Remember that your comments and questions are due by noon on Monday before class. This provides enough time for our discussion leads to synthesize questions.

I look forward to talking with you on Wednesday.

7 comments:

  1. Ghasemi et al found that “place attachment” positively corresponds to homeowners’ intended fire mitigation efforts. They use the term interchangeably with “home attachment” and the phrasing of their questions might refer to either the home/house (ie, the material structures, possessions and comforts and the emotional connections of these physical items to geographically and/or temporally distant times and places), and/or to the home/community (ie, the social, ecological, and material structures and relationships that are geographically proximate and specific). Would nuancing this term to understand emotional attachment relative to house and place and community be helpful in terms of understanding and implementing fire adaptations at community/landscape scales?

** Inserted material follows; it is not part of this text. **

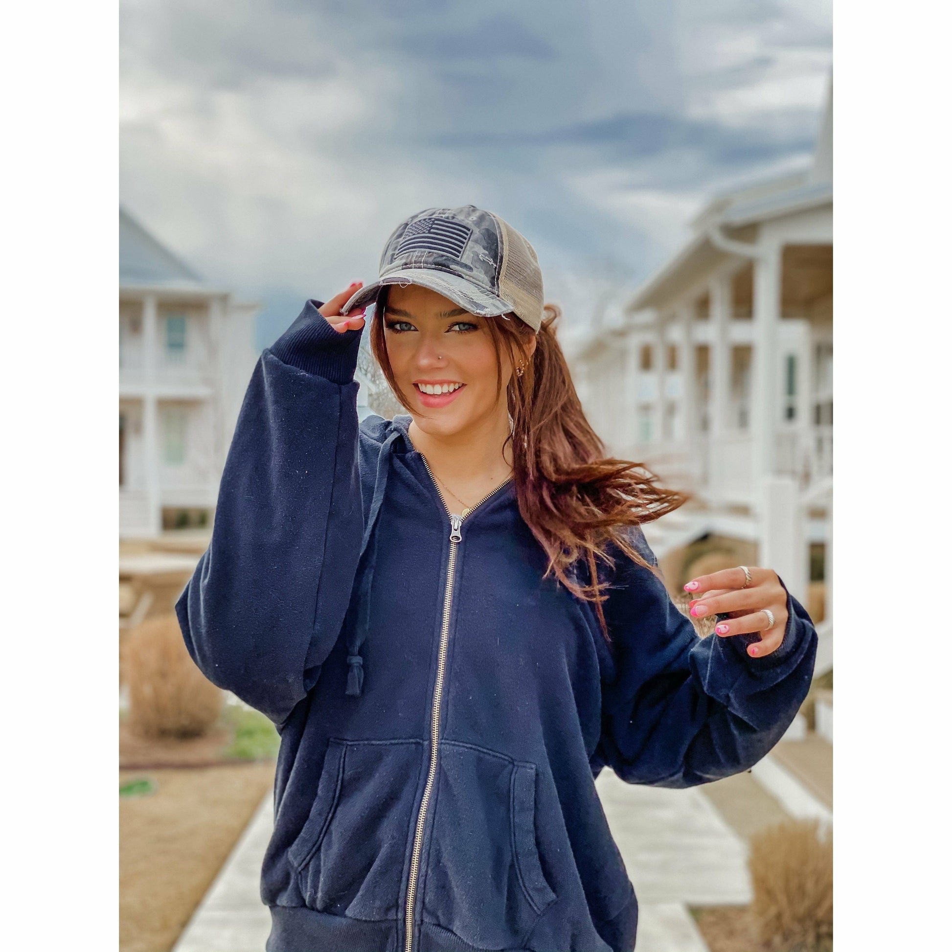 This BRAND NEW Camouflage Classic CC Ball cap adorned with a USA Flag Patch is right on trend to wear with all of your favorite summer wear. Great for shorter hair girls and even men!
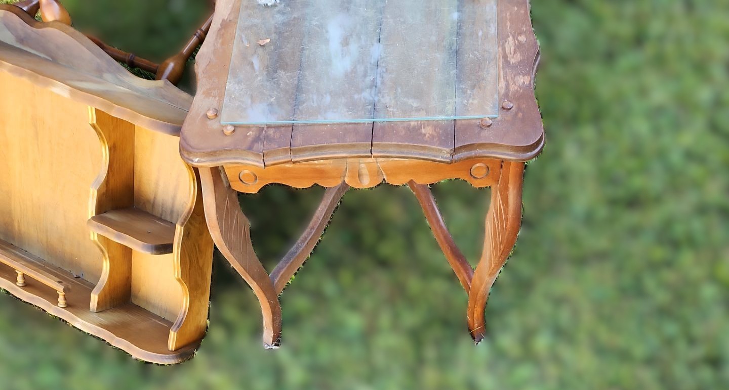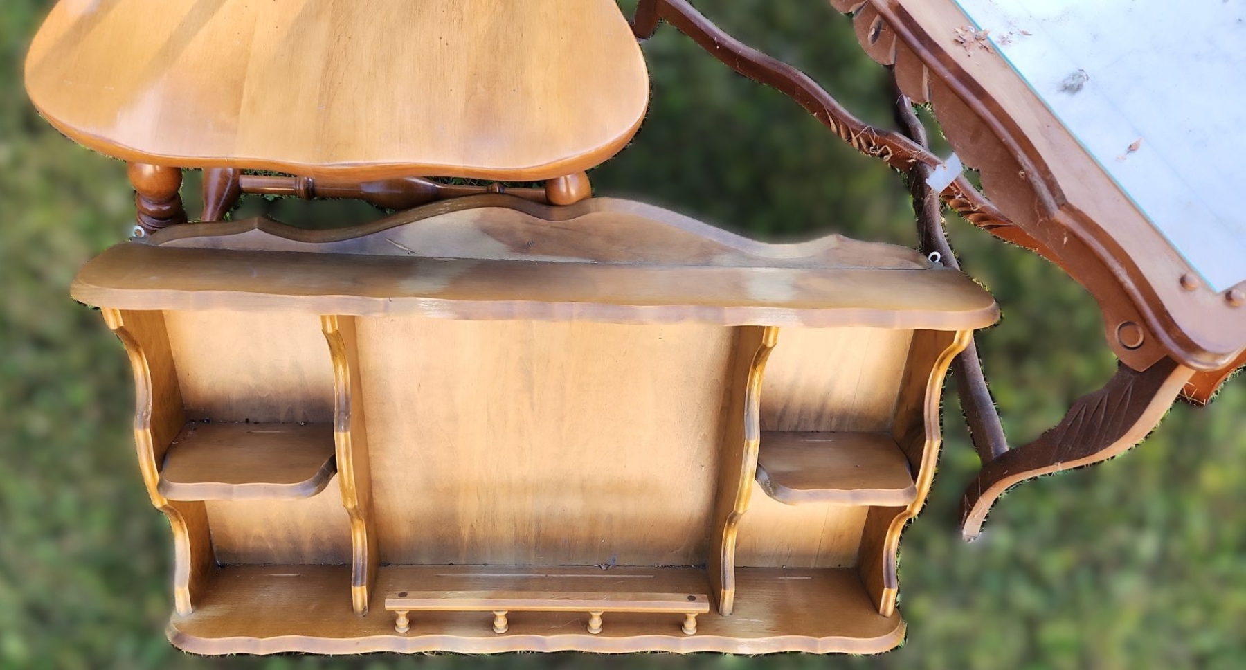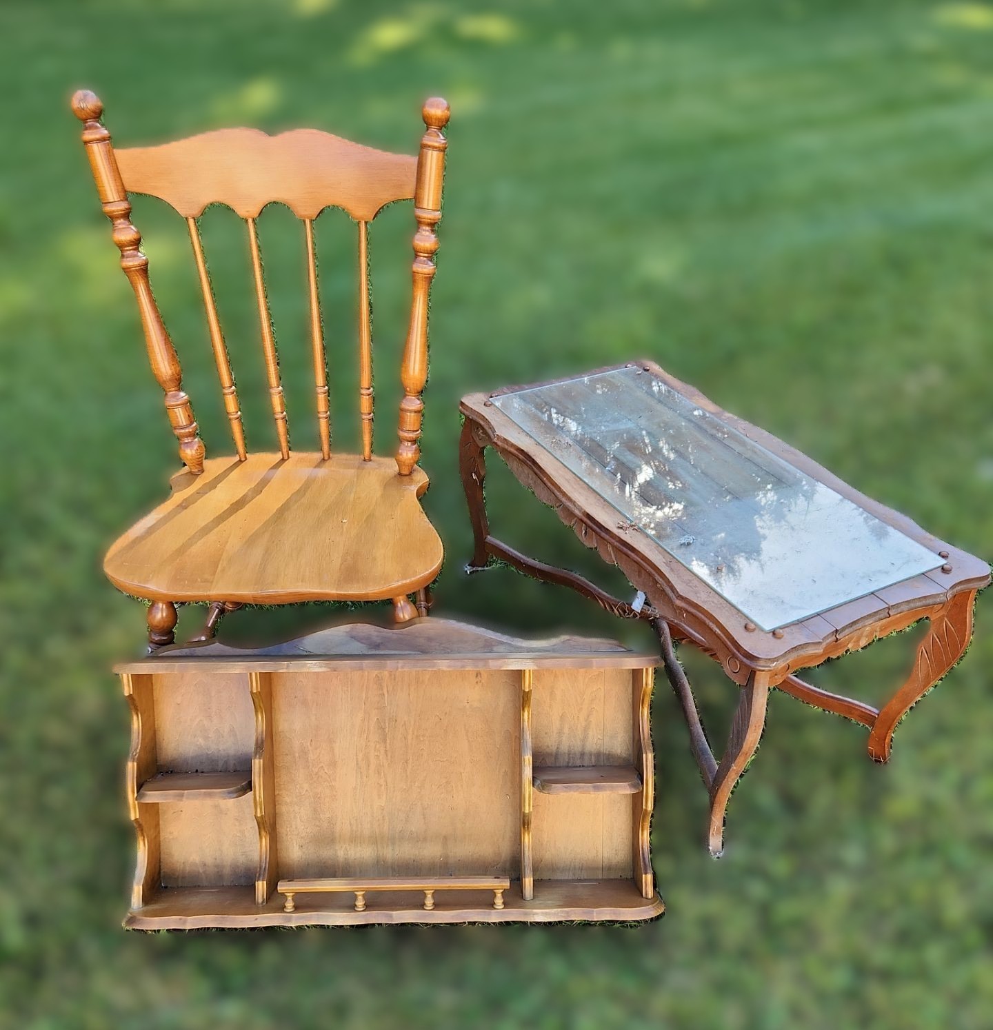 Chair 19 W, 17 D, 35 T, Wall Shelf 31 W, 5 D, 17 T, Table w/ Glass Top 34 W, 17.5 D, 17 T

    I would like to think further with “place attachment” as discussed in Ghasemi et al and in the McCaffrey article (citing studies in Australia). How does place attachment relate to the findings in Olsen et al that inhabitants of fire-prone landscapes are actually good observers of the landscape and of fire hazard proximate to their home? How can this be leveraged to help keep long-term residents in place, given the increasingly expansive (and expensive) WUI?

    Flint et al found that postcard images of devastating fire did not increase recipients’ information-seeking about fire-risk reduction. They postulate that it may be due to the negative imagery or due to low perceived efficacy of possible risk-reduction efforts. For anyone who watches news media, devastating images of wildfire are standard. Fires become news when they imperil dozens or hundreds of homes, are spreading at spectacular rates due to weather and fuel conditions, are creating firestorms, spewing embers for miles and smoke to Manhattan. This focus on devastating fire surely reduces perceived efficacy of clearing out a few bushes around a house. How could more images of “good fire” (especially burning in proximity to structures) be mobilized? Would they have a different effect?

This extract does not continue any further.